By Mark Jenkins The Washington Post
Amber Robles-Gordon’s show at Pleasant Plains Workshop is called “Wired,” but fabric is the principal ingredient. Working entirely with found objects, the Caribbean-rooted local artist arrays ribbons and scraps on (mostly) wire frameworks. The result is a riot of colors and patterns, evoking the tropics while playing on the contrast between the rigid frames and malleable fabric. In such pieces as “Dynasty,” the tightly clumped tatters suggest both thick vegetation and the rhythms and hues of island life.
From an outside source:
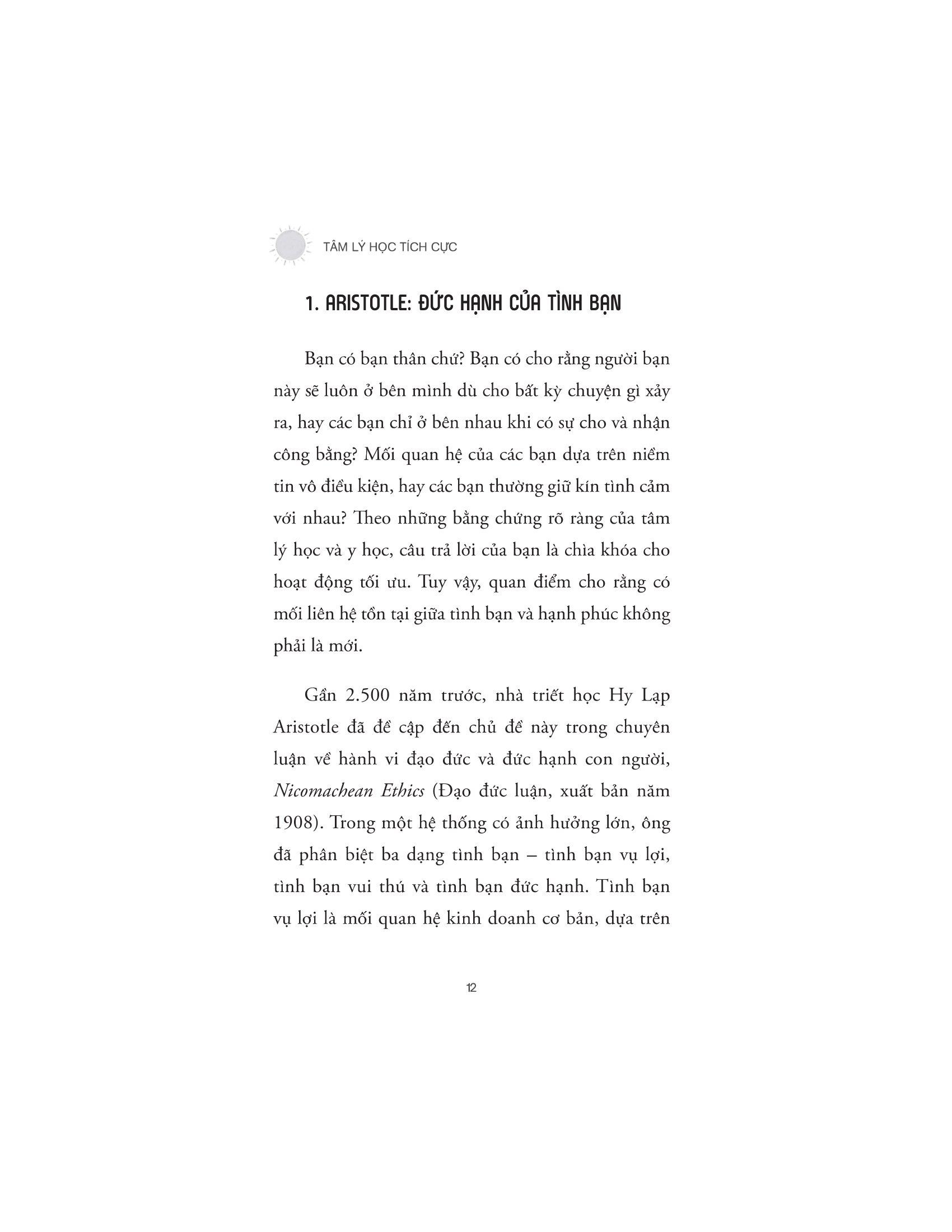 Đây là một cuốn sách triển khai thực hành dựa trên những nghiên cứu khoa học đã được kiểm chứng và tích lũy qua nhiều năm, “Tâm lý học tích cực” chính là nguồn tham khảo hữu ích nhất đối với bất cứ ai muốn nói không với trì hoãn, để tập trung ý chí cho một bản thân tốt đẹp và hoàn thiện hơn, và thực sự thay đổi chính m.ình ngay từ hôm nay.

Although Robles-Gordon does sometimes bend the found frameworks to achieve the basic contour she wants, a few of the pieces still seem a little haphazard. The most appealing works are the ones built on recognizable shapes, notably “And So It Is.” Here, the colorful remnants hang on a gold-painted bicycle wheel, giving form to the patchwork. The artist has compared this piece to a family crest, but even without the personal connotations, the abundance of tones and textures is pungent.
Jenkins is a freelance writer.
Wired by Amber Robles-Gordon
on view through July 23 at the Pleasant Plains Workshop. 2608 Georgia Avenue NW, Washington, DC 20001. pleasantplainsworkshop.blogspot.com.